- Provided material -
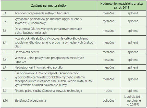 Funkčné požiadavky na čiastkové služby, technické požiadavky na elektronický mýtny systém a ostatné podmienky vyplývajúce zo zmluvy hodnotí NDS ako objednávateľ služby a zároveň správca výberu mýta. NDS môže ku kontrolám prizvať aj nezávislého znalca ako nestrannú osobu. Plnenie jednotlivých požiadaviek a zmluvných podmienok sa hodnotí priebežne, a to vzhľadom na to, že ide o veľké množstvo požiadaviek, ktoré treba vyhodnotiť. Počas roka 2011 sa v uvedených čiastkových službách nezistili nijaké nedostatky, ktoré by mali zásadný alebo významný vplyv na zabezpečovanie služby v požadovanej kvalite a rozsahu a v konečnom dôsledku by teda mohli mať aj negatívny vplyv na výšku výberu mýta.
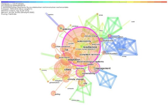 As shown in Table 3, urban resilience research mainly focused on a few topics between 1993 and 2004, such as biodiversity, environment conservation, urban systems and management measures to urban resilience. Some new topics begin to appear in urban resilience research between 2005–2010, such as adaptive theory, vulnerability analysis, ecosystem services, urbanization and land use. During 2005–2010, Resilience Alliance begins to research urban resilience from the perspective of social-ecological systems. Urban resilience started to get attention in the USA between 2011 and 2013. At the same time, researchers continue to be concerned about the topics of social-ecological systems, climate change and adaptation during this period. Each topic keep the state of prosperity between 2014–2016, management measures and biodiversity get great attentions to the urban resilience researchers with the unprecedented urbanization process and the growing number of natural disasters.
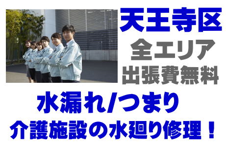 / 天王寺区老人ホームシンク水漏れ / 天王寺区高齢者施設蛇口水漏れ / 天王寺区介護医療院ポンプ交換 / 天王寺区デイサービス排水パイプつまり

- Exercise directions -
A faithful copy of all the lines above is needed, with the pictures omitted.

- Answer space -
 Funkčné požiadavky na čiastkové služby, technické požiadavky na elektronický mýtny systém a ostatné podmienky vyplývajúce zo zmluvy hodnotí NDS ako objednávateľ služby a zároveň správca výberu mýta. NDS môže ku kontrolám prizvať aj nezávislého znalca ako nestrannú osobu. Plnenie jednotlivých požiadaviek a zmluvných podmienok sa hodnotí priebežne, a to vzhľadom na to, že ide o veľké množstvo požiadaviek, ktoré treba vyhodnotiť. Počas roka 2011 sa v uvedených čiastkových službách nezistili nijaké nedostatky, ktoré by mali zásadný alebo významný vplyv na zabezpečovanie služby v požadovanej kvalite a rozsahu a v konečnom dôsledku by teda mohli mať aj negatívny vplyv na výšku výberu mýta.
 As shown in Table 3, urban resilience research mainly focused on a few topics between 1993 and 2004, such as biodiversity, environment conservation, urban systems and management measures to urban resilience. Some new topics begin to appear in urban resilience research between 2005–2010, such as adaptive theory, vulnerability analysis, ecosystem services, urbanization and land use. During 2005–2010, Resilience Alliance begins to research urban resilience from the perspective of social-ecological systems. Urban resilience started to get attention in the USA between 2011 and 2013. At the same time, researchers continue to be concerned about the topics of social-ecological systems, climate change and adaptation during this period. Each topic keep the state of prosperity between 2014–2016, management measures and biodiversity get great attentions to the urban resilience researchers with the unprecedented urbanization process and the growing number of natural disasters.
 / 天王寺区老人ホームシンク水漏れ / 天王寺区高齢者施設蛇口水漏れ / 天王寺区介護医療院ポンプ交換 / 天王寺区デイサービス排水パイプつまり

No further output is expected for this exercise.